Typical Bill of Materials (through-hole C64 Saver 2.3)

[edit | edit source]
Qty. Reference Part
1 F1 Polyfuse 1.1 A (RXE110)
1 SCR1 C106-D or BT151-500R
1 U1 TL431 (2 %) shunt reg
2 R1, R2 1 kΩ & 4.7 kΩ (trip divider)
1 R3 220 Ω (LED limiter)
1 C1 100 nF decouple
1 D1 1N4148 (gate clamp)
1 D2 5.6 V Zener (reference bias)
1 LED1 3 mm bi-colour (GRN/RED)
1 J1 Male 7-pin DIN (to PSU)
1 J2 Female 7-pin DIN (to computer)

Installation

[edit | edit source]
  1. Power off and unplug the PSU.
  2. Connect the PSU’s 7-pin DIN plug into the male side of the Saver.
  3. Plug the Saver’s female 7-pin into the computer.
  4. Power up. LED should show green.
  5. If LED immediately turns red or no power reaches the C64, the PSU is already faulty—do not keep using it.

The device draws under 5 mA and introduces ≈ 15 mΩ series resistance, insignificant even for sensitive Ultimate-64 boards.

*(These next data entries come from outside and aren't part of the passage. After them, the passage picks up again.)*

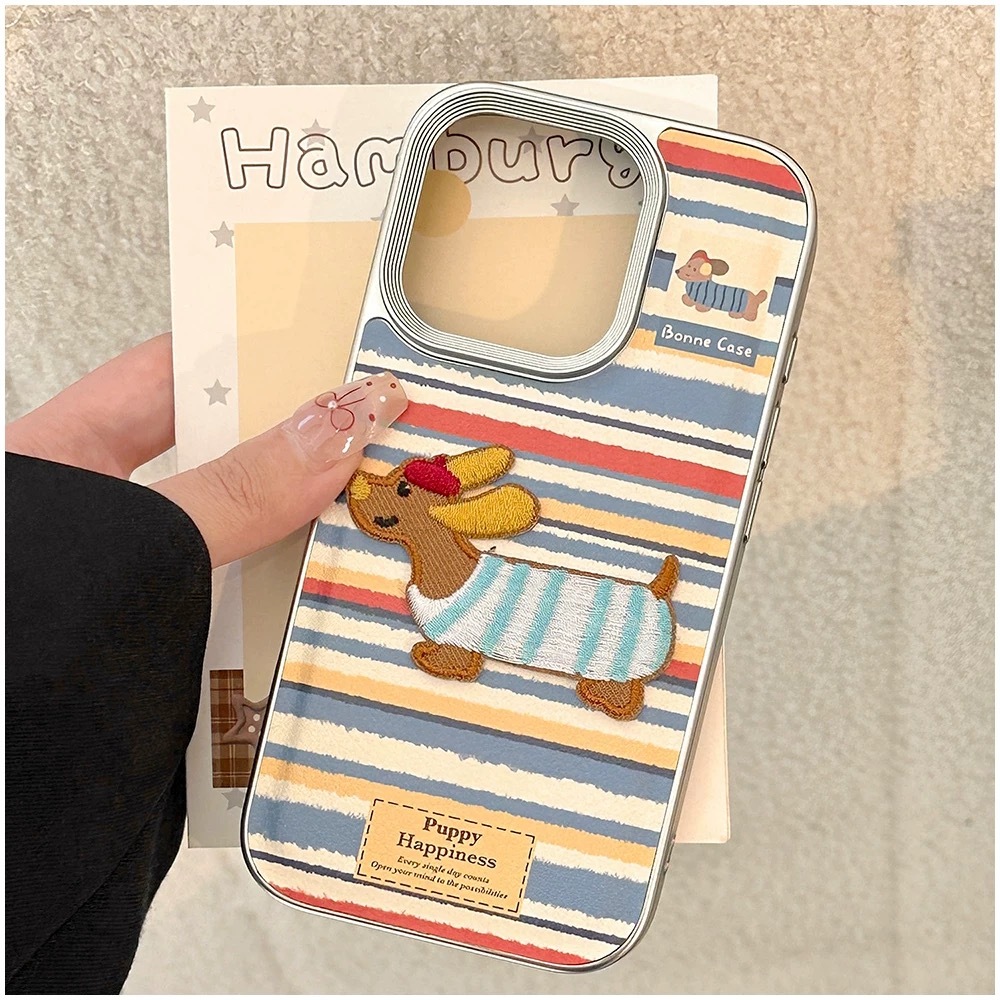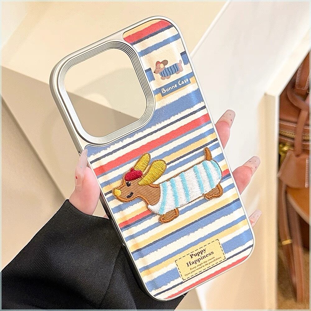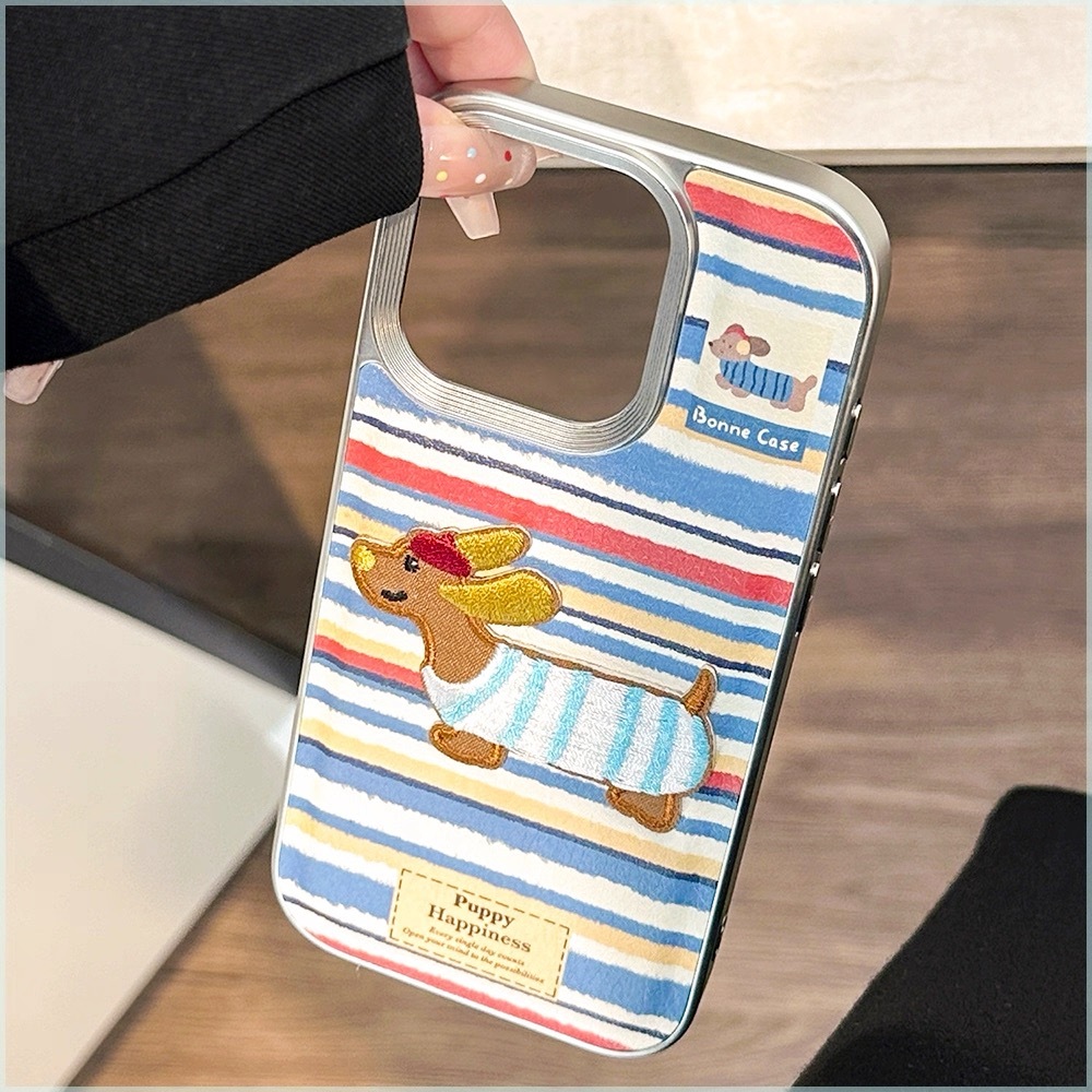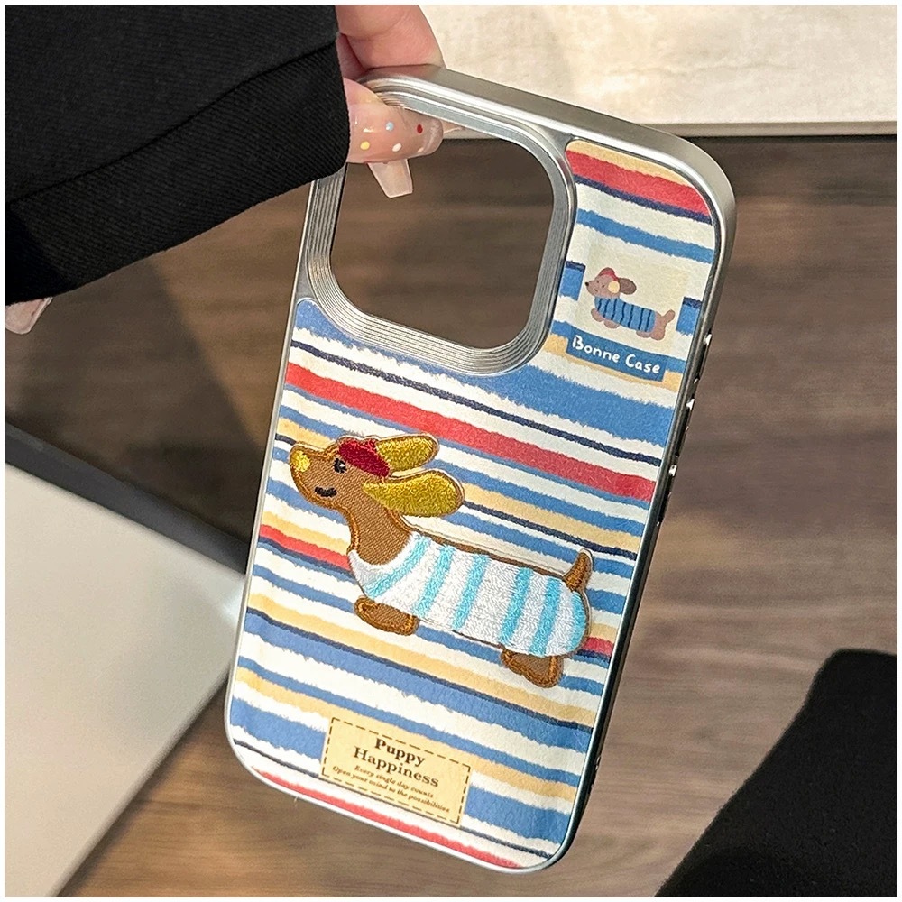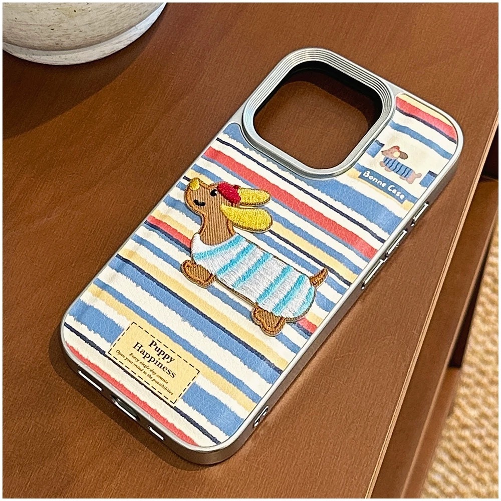 ブルー×レッド×ホワイトのボーダーストライプに、刺繍風の可愛いダックスフンド犬をあしらった、遊び心たっぷりのiPhoneケース。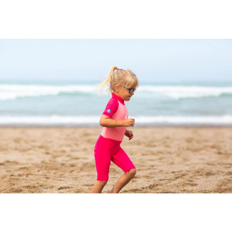 La combinaison de natation anti UV bébé manches courtes en matière recyclée qui protège des UV même dans l’eau et s’enfile facilement grâce aux pressions à l’arrière du col et à l’entrejambe.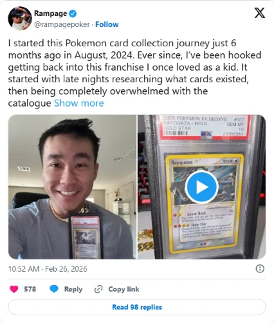 Rampage described the purchase as a journey of personal growth and rediscovery of his inner child, adding the card will stay in his personal collection regardless of future price movement. For context, it still pales in comparison to the $16.49 million Logan Paul received for a Pikachu Illustrator card earlier this month. (Source: Poker News)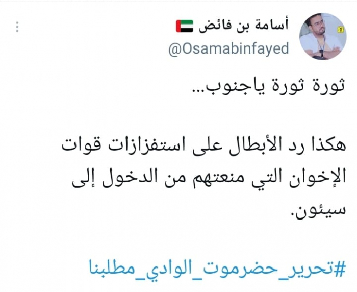 وقال في تغريدة على حسابه بموقع التدوين المصغر تويتر، اليوم: "ثورة ثورة ياجنوب... هكذا رد الأبطال على استفزازات قوات الإخوان التي منعتهم من الدخول إلى سيئون"، مختتما بهاشتاج: "تحرير حضرموت الوادي مطلبنا".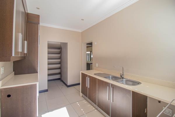 The modern kitchen is a chef''s dream, complete with a gas hob, ample cupboard space, and a scullery that leads to a private courtyard. An additional pantry and a second living area or TV room provide versatile living spaces for the whole family. The enclosed patio, with a built-in braai, overlooks the lush garden and inviting pool, making it the perfect spot for outdoor entertaining.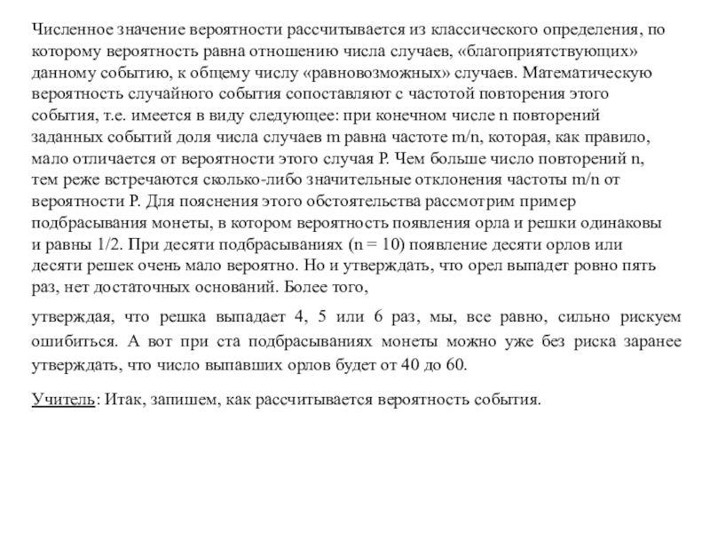 Слайд 18Численное значение вероятности рассчитывается из классического определения, по которому вероятность равна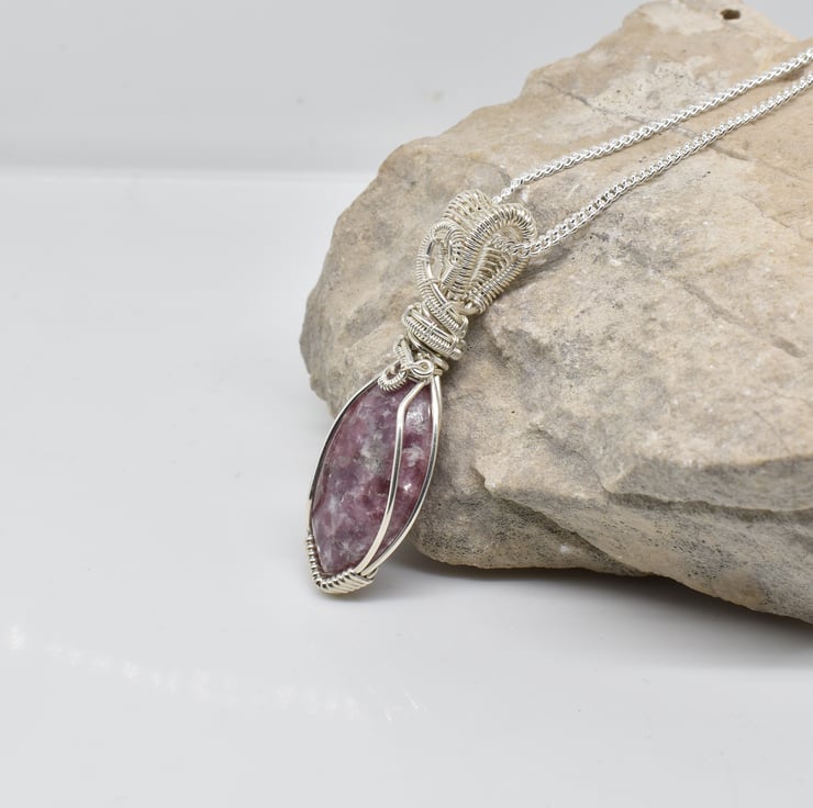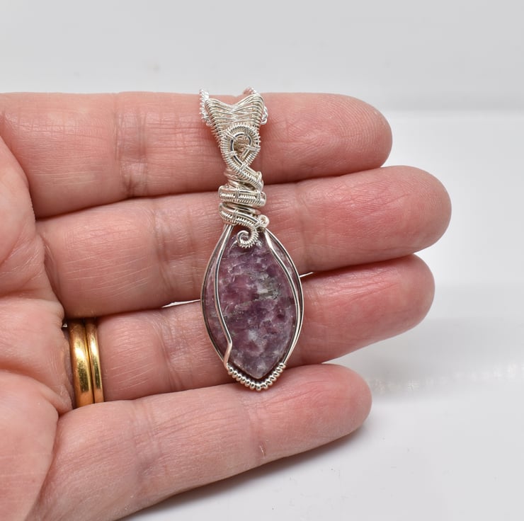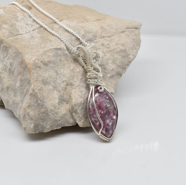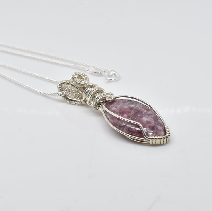 I have wire wrapped this lovely lepiolite pendant using sterling and fine silver wire. The thicker wires are sterling silver and the weaving wire is fine silver which is 99% pure.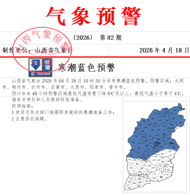 山西省氣象臺2026年04月18日10時50分發布寒潮藍色預警,預警區域:大同市、朔州市、忻州市、呂梁市、太原市、陽泉市、晉中市。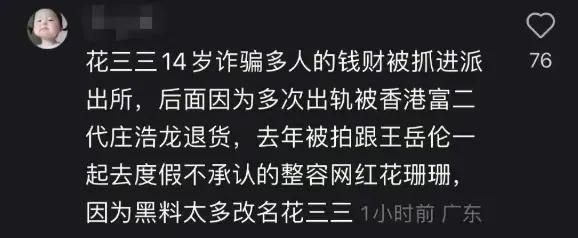有网友直接扒出来花三三的过往黑料,未成年就参与诈骗,后来进入豪门又多次劈腿出轨,被富二代退货…可见其成色如何。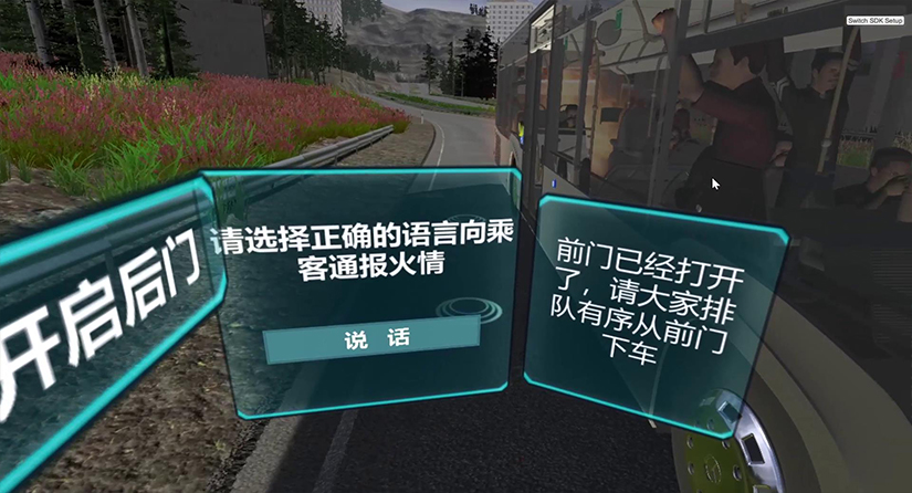 4-1、體驗者通過位移靠近客車前門位置,通過手柄觸碰拾取駕駛座右手邊角落處的滅火器及警示標志,畫面出現(xiàn)UI提示“滅火器與警示標志已拾取”;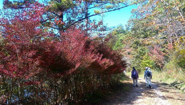昨日の「まんさく湖」での写真です。これは大きく育った「どうだんつつじ」の見事な紅葉です。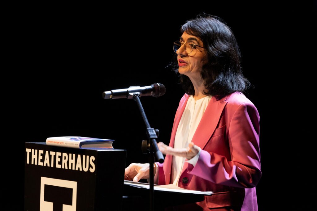 Muhterem Aras, Präsidentin des Landtags von Baden-Württemberg, dankte Fridays for Future in ihrer Laudatio für ihr Engagement und rief die Jugendlichen dazu auf, politisch wach zu bleiben.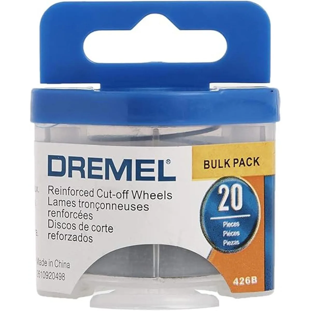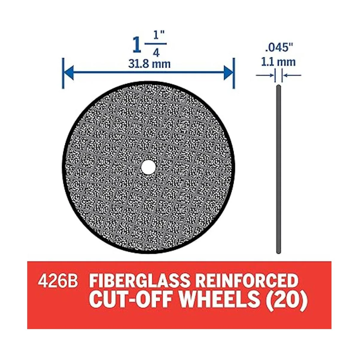 Dremel Ruedas de corte reforzadas con fibra de vidrio 426B, diámetro de la rueda de 132 pulgadas 0.031 in, accesorio de disco de corte para herramientas rotativas, 20 piezas, color plateado

Testing the Trip Circuit (Bench)

[edit | edit source]
  • Dial a bench supply to 5.0 V and feed the Saver through the DIN pins (+5 V → pin 2, GND → pin 5).
  • Increase voltage slowly; at 5.3–5.5 V the LED flips to red and the output collapses to ≈ 0 V.
  • Remove input power for 5 s to reset the latch.

Limitations

[edit | edit source]
  • Does not regulate ripple—a PSU with excessive 50/60 Hz ripple under 5.2 V will still pass.
  • No 9 VAC protection; an internal short in the PSU transformer can still inject noise or excessive VAC.
  • Not a substitute for a modern PSU—it is a last-line “crowbar”, not continuous regulation.
  • If the SCR version trips it may blow the PSU’s internal fuse; replace that fuse before re-testing.

Where to Buy or Build

[edit | edit source]
  • DIY PCB/gerbers: OpenC64Saver repository (KiCad + BOM).
  • Kits / assembled: SharewarePlus SaV64 series, RETRO Innovations, and many eBay/Tindie sellers.
  • Integrated solutions: All Ray Carlsen modern PSUs ship with an internal Saver circuit plus precision linear regulation.